What you will do: Can you copy out the data exactly? Leave the images out.

Entries shown:

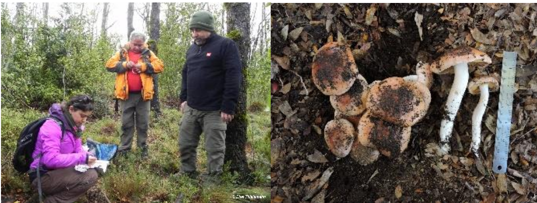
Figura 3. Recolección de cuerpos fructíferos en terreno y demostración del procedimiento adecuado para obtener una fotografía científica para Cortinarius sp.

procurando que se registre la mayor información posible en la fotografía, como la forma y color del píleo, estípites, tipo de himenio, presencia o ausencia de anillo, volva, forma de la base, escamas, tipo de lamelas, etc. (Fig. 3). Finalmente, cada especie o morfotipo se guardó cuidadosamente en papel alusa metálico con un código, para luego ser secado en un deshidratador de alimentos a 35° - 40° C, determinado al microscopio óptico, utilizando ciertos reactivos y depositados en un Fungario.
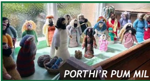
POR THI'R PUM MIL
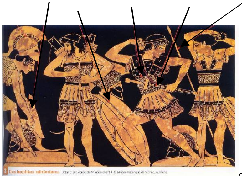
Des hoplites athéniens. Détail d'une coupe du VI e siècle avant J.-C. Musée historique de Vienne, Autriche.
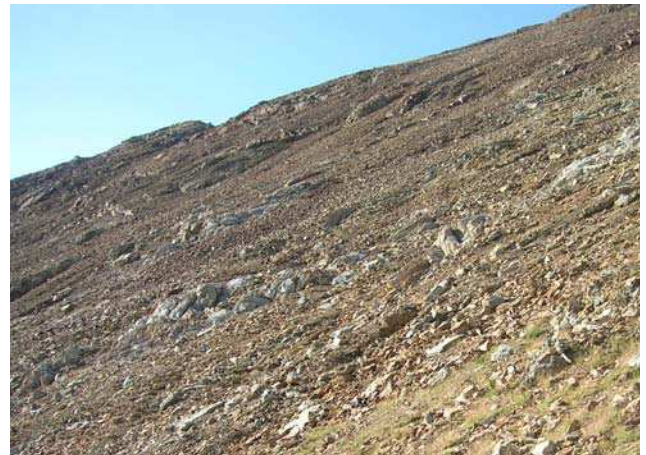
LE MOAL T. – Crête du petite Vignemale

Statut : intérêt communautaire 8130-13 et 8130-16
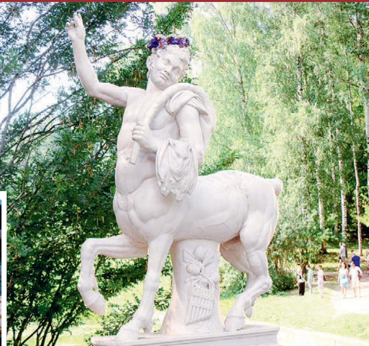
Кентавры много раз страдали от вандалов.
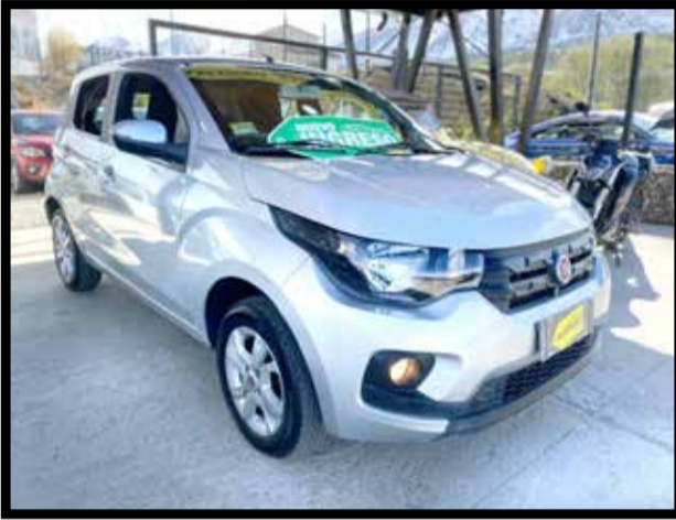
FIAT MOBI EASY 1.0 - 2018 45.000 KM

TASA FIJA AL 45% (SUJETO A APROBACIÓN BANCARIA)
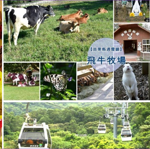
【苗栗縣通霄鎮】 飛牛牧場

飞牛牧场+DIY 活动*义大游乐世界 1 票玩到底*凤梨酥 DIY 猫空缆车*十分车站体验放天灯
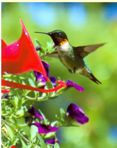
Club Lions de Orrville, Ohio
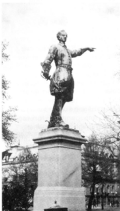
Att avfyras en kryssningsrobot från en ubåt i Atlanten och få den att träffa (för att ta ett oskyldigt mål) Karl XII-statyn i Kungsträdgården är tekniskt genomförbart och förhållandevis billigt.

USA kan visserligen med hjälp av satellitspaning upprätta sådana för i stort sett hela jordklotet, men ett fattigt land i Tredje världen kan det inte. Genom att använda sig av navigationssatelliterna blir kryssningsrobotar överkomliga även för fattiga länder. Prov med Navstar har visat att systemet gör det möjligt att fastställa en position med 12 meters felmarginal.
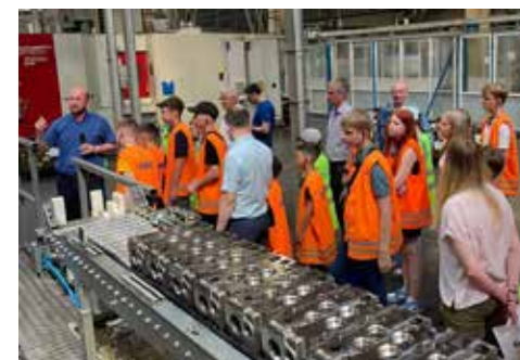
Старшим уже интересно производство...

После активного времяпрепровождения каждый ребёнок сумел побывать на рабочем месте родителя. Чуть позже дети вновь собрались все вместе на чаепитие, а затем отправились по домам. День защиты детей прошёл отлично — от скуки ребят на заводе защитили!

Solution for this problem:
Figura 3. Recolección de cuerpos fructíferos en terreno y demostración del procedimiento adecuado para obtener una fotografía científica para Cortinarius sp.

procurando que se registre la mayor información posible en la fotografía, como la forma y color del píleo, estípites, tipo de himenio, presencia o ausencia de anillo, volva, forma de la base, escamas, tipo de lamelas, etc. (Fig. 3). Finalmente, cada especie o morfotipo se guardó cuidadosamente en papel alusa metálico con un código, para luego ser secado en un deshidratador de alimentos a 35° - 40° C, determinado al microscopio óptico, utilizando ciertos reactivos y depositados en un Fungario.
POR THI'R PUM MIL
Des hoplites athéniens. Détail d'une coupe du VI e siècle avant J.-C. Musée historique de Vienne, Autriche.
LE MOAL T. – Crête du petite Vignemale

Statut : intérêt communautaire 8130-13 et 8130-16
Кентавры много раз страдали от вандалов.
FIAT MOBI EASY 1.0 - 2018 45.000 KM

TASA FIJA AL 45% (SUJETO A APROBACIÓN BANCARIA)
【苗栗縣通霄鎮】 飛牛牧場

飞牛牧场+DIY 活动*义大游乐世界 1 票玩到底*凤梨酥 DIY 猫空缆车*十分车站体验放天灯
Club Lions de Orrville, Ohio
Att avfyras en kryssningsrobot från en ubåt i Atlanten och få den att träffa (för att ta ett oskyldigt mål) Karl XII-statyn i Kungsträdgården är tekniskt genomförbart och förhållandevis billigt.

USA kan visserligen med hjälp av satellitspaning upprätta sådana för i stort sett hela jordklotet, men ett fattigt land i Tredje världen kan det inte. Genom att använda sig av navigationssatelliterna blir kryssningsrobotar överkomliga även för fattiga länder. Prov med Navstar har visat att systemet gör det möjligt att fastställa en position med 12 meters felmarginal.
Старшим уже интересно производство...

После активного времяпрепровождения каждый ребёнок сумел побывать на рабочем месте родителя. Чуть позже дети вновь собрались все вместе на чаепитие, а затем отправились по домам. День защиты детей прошёл отлично — от скуки ребят на заводе защитили!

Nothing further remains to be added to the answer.